Records for the task:
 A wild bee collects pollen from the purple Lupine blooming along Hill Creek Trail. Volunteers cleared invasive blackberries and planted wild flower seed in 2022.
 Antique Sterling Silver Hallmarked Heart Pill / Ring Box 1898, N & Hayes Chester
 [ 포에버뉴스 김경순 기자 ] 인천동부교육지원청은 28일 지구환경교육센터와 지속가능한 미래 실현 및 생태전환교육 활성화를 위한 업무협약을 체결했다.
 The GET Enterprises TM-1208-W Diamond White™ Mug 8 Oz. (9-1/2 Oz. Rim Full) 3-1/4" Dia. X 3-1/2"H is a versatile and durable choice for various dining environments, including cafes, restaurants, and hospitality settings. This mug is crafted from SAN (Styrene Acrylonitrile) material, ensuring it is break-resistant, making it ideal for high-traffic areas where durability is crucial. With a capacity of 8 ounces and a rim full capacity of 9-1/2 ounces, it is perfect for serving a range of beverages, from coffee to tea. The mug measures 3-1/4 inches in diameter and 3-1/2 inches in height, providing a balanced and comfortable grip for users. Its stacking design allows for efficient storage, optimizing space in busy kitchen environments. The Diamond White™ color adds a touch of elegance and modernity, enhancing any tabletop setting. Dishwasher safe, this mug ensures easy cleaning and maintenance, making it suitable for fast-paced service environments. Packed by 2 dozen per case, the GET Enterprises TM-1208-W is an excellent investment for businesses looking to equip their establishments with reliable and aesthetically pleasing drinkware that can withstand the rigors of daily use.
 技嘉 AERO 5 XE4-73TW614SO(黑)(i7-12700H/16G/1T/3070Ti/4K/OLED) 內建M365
==
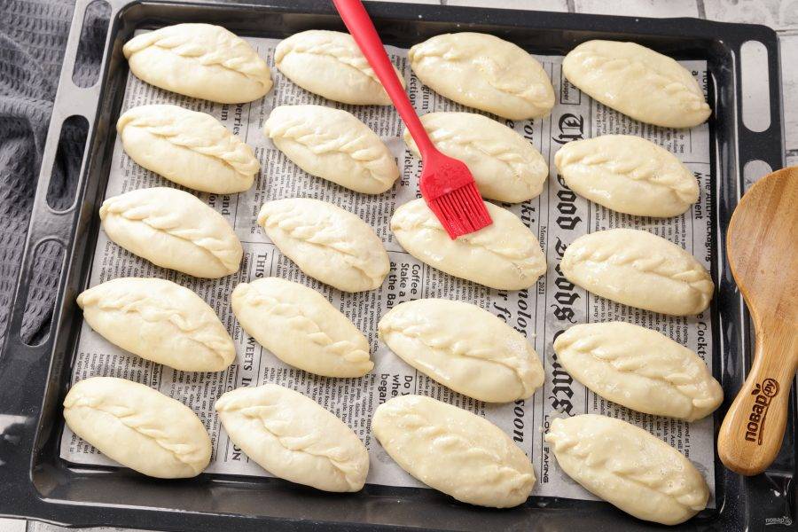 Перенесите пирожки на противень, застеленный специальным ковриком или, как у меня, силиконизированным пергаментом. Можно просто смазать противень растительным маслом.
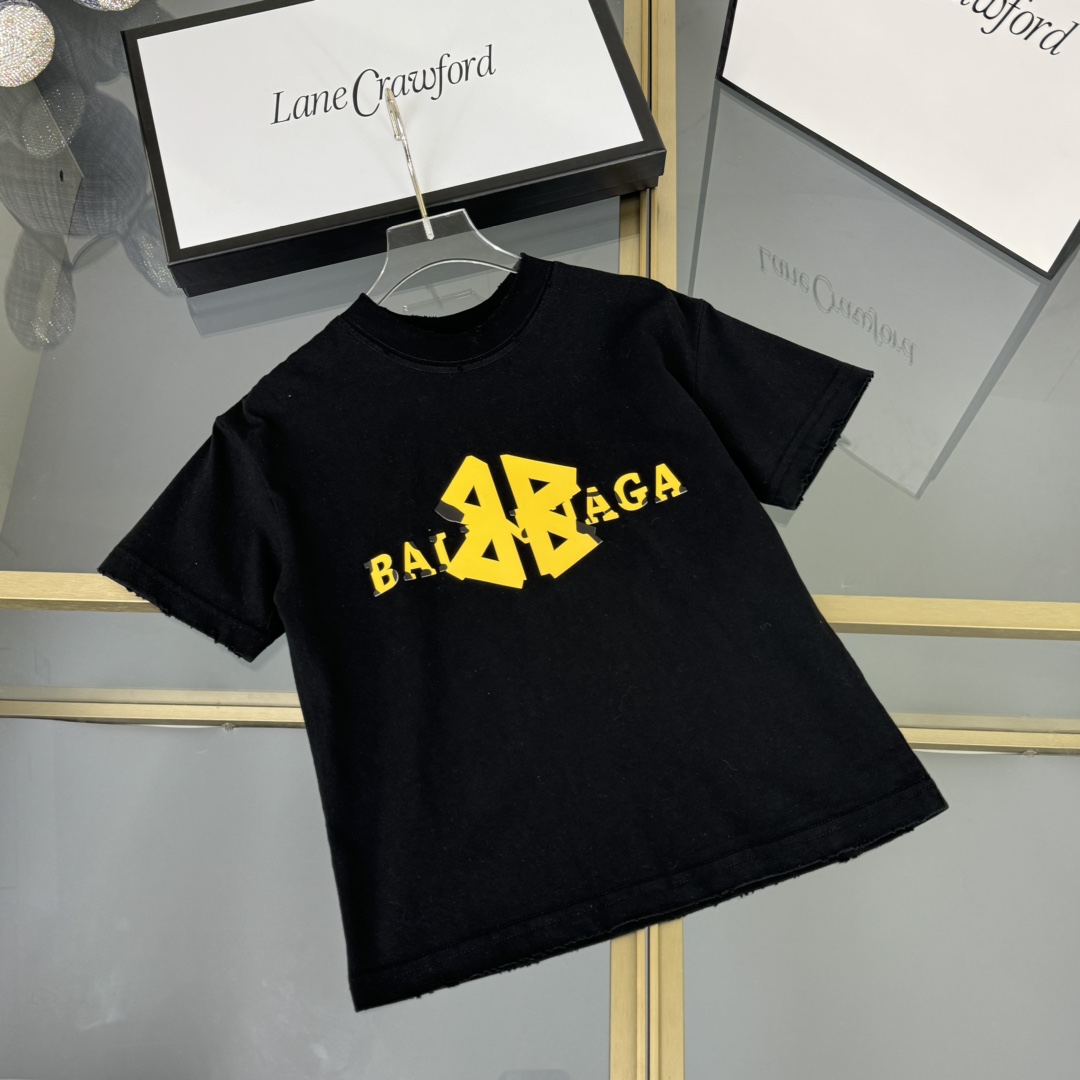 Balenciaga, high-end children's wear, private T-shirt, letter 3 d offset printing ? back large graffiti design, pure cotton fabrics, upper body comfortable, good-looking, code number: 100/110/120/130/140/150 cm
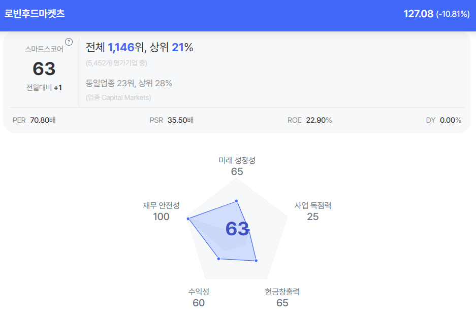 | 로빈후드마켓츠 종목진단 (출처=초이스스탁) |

Brief: Look back at the entries above and repeat, unchanged, every line from the line holding "[ 포에버뉴스 김경순" through the line holding "技嘉 AERO 5 XE4-73TW614SO(黑)(i7-12700H/16G/1T/3070Ti/4K/OLED)".

Exercise output:
 [ 포에버뉴스 김경순 기자 ] 인천동부교육지원청은 28일 지구환경교육센터와 지속가능한 미래 실현 및 생태전환교육 활성화를 위한 업무협약을 체결했다.
 The GET Enterprises TM-1208-W Diamond White™ Mug 8 Oz. (9-1/2 Oz. Rim Full) 3-1/4" Dia. X 3-1/2"H is a versatile and durable choice for various dining environments, including cafes, restaurants, and hospitality settings. This mug is crafted from SAN (Styrene Acrylonitrile) material, ensuring it is break-resistant, making it ideal for high-traffic areas where durability is crucial. With a capacity of 8 ounces and a rim full capacity of 9-1/2 ounces, it is perfect for serving a range of beverages, from coffee to tea. The mug measures 3-1/4 inches in diameter and 3-1/2 inches in height, providing a balanced and comfortable grip for users. Its stacking design allows for efficient storage, optimizing space in busy kitchen environments. The Diamond White™ color adds a touch of elegance and modernity, enhancing any tabletop setting. Dishwasher safe, this mug ensures easy cleaning and maintenance, making it suitable for fast-paced service environments. Packed by 2 dozen per case, the GET Enterprises TM-1208-W is an excellent investment for businesses looking to equip their establishments with reliable and aesthetically pleasing drinkware that can withstand the rigors of daily use.
 技嘉 AERO 5 XE4-73TW614SO(黑)(i7-12700H/16G/1T/3070Ti/4K/OLED) 內建M365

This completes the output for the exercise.